Task to complete: A faithful copy of the data below is required, leaving out every picture.

[Supplied information Boundary: Start]

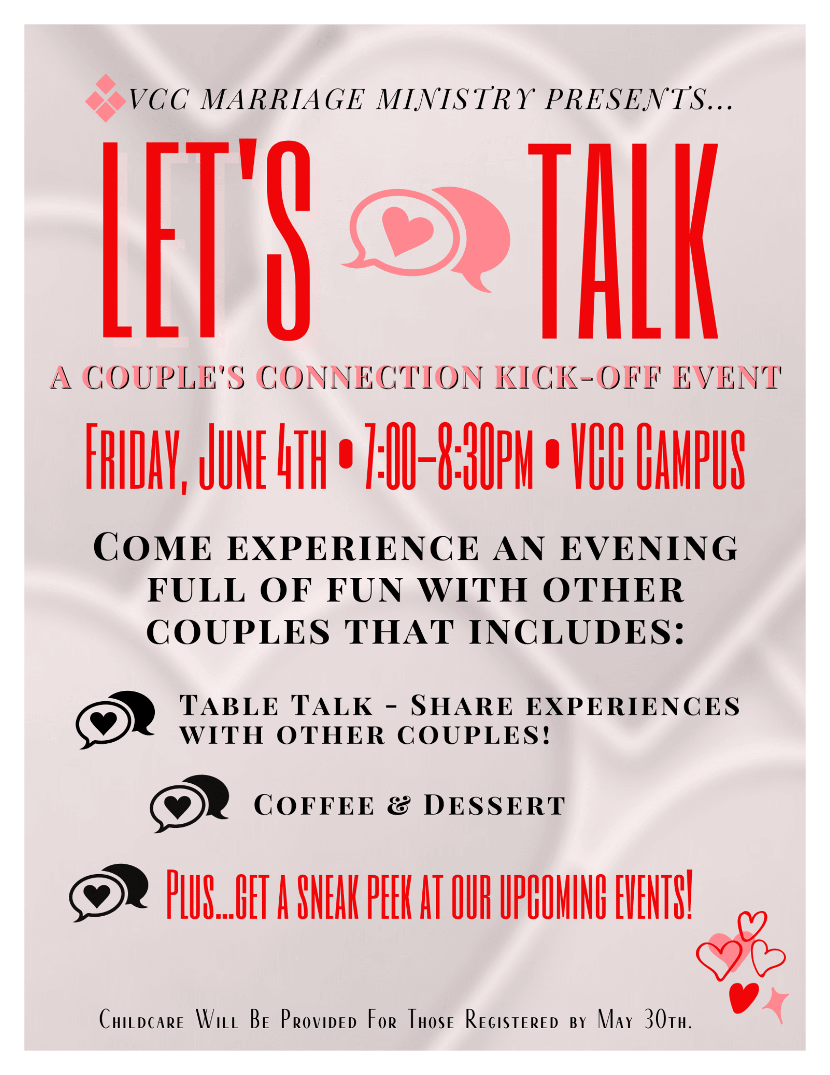 Sign up for Couple’s Connection Let’s Talk Kick-off online here: https://vccfresno.fellowshiponego.com/external/form/c3d928a6-95d3-469c-a77e-acabf99b0b3e or in the Courtyard after Sunday Service on May 23rd and May 30th.
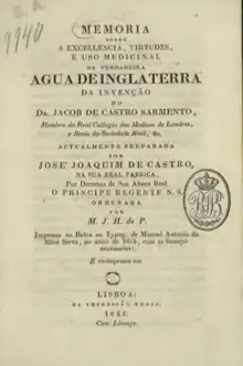 Água de Inglaterra was used for the treatment of malaria, which at the time was endemic in several regions of Portugal, including the Sado River valley and the Guadiana river.[5] It was initially introduced from England in 1681 by Dr. Fernando Mendes, who “received a handsome gift from (King Dom Pedro) on condition that he should reveal to him the secret of his composition and withhold it from the public”. However, the popularity of the mixture was short-lived, either because it did not perform as claimed or because of the sudden death of Mendes. The medicine, which was produced through an infusion of the cinchona bark in alcohol, was subsequently popularised in the 1730s by Jacob de Castro Sarmento, a Portuguese doctor who lived in London from around 1720. Sarmento is believed to have left Portugal in order to freely practice the Jewish religion. He was elected to the Royal Society in 1730 and was the first Jew to obtain a Doctorate in Medicine from a British university. He was a pioneer in work to develop a smallpox vaccine.[5]
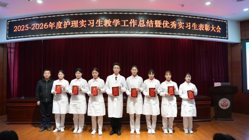 在表彰环节,科教部部长王绍辉宣读“2025-2026年度优秀护理实习生”表彰名单。与会领导为获奖同学颁发荣誉证书,这份荣耀既是对他们刻苦学习、积极实践的肯定,也是对全体实习生的鼓舞与引领。
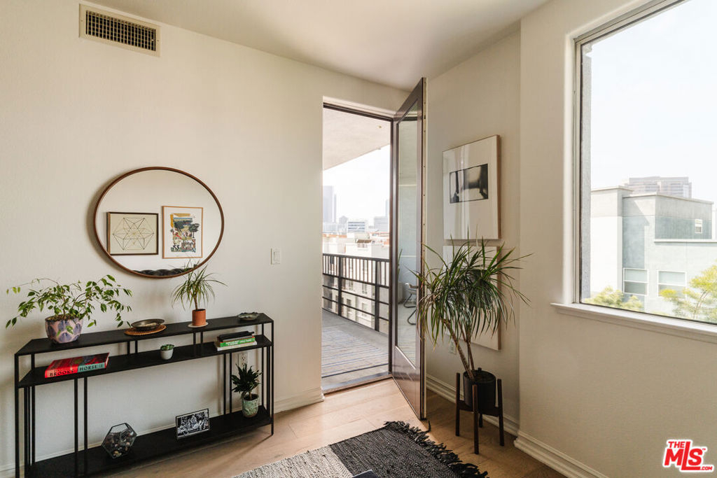 Live at the center of LA's most creative and dynamic neighborhood, the Arts District. The area that has transformed into a cultural epicenter filled with Michelin-starred restaurants, contemporary art galleries, boutique coffee roasters, design studios, and fashion-forward retailers. Just outside your door: Bestia, Cha Cha Cha, Hauser & Wirth, Soho Warehouse, Zinc Cafe, and countless other fixtures of Downtown's vibrant, walkable core. Located at 629 Traction Ave, this rare one-bedroom, one-bath residence sits within Mura, an award-winning modern complex that blends urban sophistication with resort-style amenities. Inside, the open-concept layout offers effortless flow between kitchen, dining, and living areas, while sliding doors in both the living room and bedroom open to a private patio with expansive views of the LA skyline. The bedroom features a generous walk-in closet and direct patio access. Additional highlights include in-unit laundry, central heat and air, high-end stainless steel appliances, and freshly painted cabinetry. Unlike most units in the neighborhood, this home comes with two secure parking spaces and an oversized private storage room on the same floor - ideal for gear, bikes, or anything city living typically forces you to give up. The Mura offers 24/7 gated security, a front desk attendant, a pool and spa, modern fitness center, guest parking, and lush courtyards with BBQ grills and an outdoor fireplace. If you're looking for more than just a home. this is something that puts you in the middle of LA's most exciting food, art, and nightlife scene 629 Traction Ave delivers the full Arts District experience.

[Supplied information Boundary: End]

Response to the exercise:
 Sign up for Couple’s Connection Let’s Talk Kick-off online here: https://vccfresno.fellowshiponego.com/external/form/c3d928a6-95d3-469c-a77e-acabf99b0b3e or in the Courtyard after Sunday Service on May 23rd and May 30th.
 Água de Inglaterra was used for the treatment of malaria, which at the time was endemic in several regions of Portugal, including the Sado River valley and the Guadiana river.[5] It was initially introduced from England in 1681 by Dr. Fernando Mendes, who “received a handsome gift from (King Dom Pedro) on condition that he should reveal to him the secret of his composition and withhold it from the public”. However, the popularity of the mixture was short-lived, either because it did not perform as claimed or because of the sudden death of Mendes. The medicine, which was produced through an infusion of the cinchona bark in alcohol, was subsequently popularised in the 1730s by Jacob de Castro Sarmento, a Portuguese doctor who lived in London from around 1720. Sarmento is believed to have left Portugal in order to freely practice the Jewish religion. He was elected to the Royal Society in 1730 and was the first Jew to obtain a Doctorate in Medicine from a British university. He was a pioneer in work to develop a smallpox vaccine.[5]
 在表彰环节,科教部部长王绍辉宣读“2025-2026年度优秀护理实习生”表彰名单。与会领导为获奖同学颁发荣誉证书,这份荣耀既是对他们刻苦学习、积极实践的肯定,也是对全体实习生的鼓舞与引领。
 Live at the center of LA's most creative and dynamic neighborhood, the Arts District. The area that has transformed into a cultural epicenter filled with Michelin-starred restaurants, contemporary art galleries, boutique coffee roasters, design studios, and fashion-forward retailers. Just outside your door: Bestia, Cha Cha Cha, Hauser & Wirth, Soho Warehouse, Zinc Cafe, and countless other fixtures of Downtown's vibrant, walkable core. Located at 629 Traction Ave, this rare one-bedroom, one-bath residence sits within Mura, an award-winning modern complex that blends urban sophistication with resort-style amenities. Inside, the open-concept layout offers effortless flow between kitchen, dining, and living areas, while sliding doors in both the living room and bedroom open to a private patio with expansive views of the LA skyline. The bedroom features a generous walk-in closet and direct patio access. Additional highlights include in-unit laundry, central heat and air, high-end stainless steel appliances, and freshly painted cabinetry. Unlike most units in the neighborhood, this home comes with two secure parking spaces and an oversized private storage room on the same floor - ideal for gear, bikes, or anything city living typically forces you to give up. The Mura offers 24/7 gated security, a front desk attendant, a pool and spa, modern fitness center, guest parking, and lush courtyards with BBQ grills and an outdoor fireplace. If you're looking for more than just a home. this is something that puts you in the middle of LA's most exciting food, art, and nightlife scene 629 Traction Ave delivers the full Arts District experience.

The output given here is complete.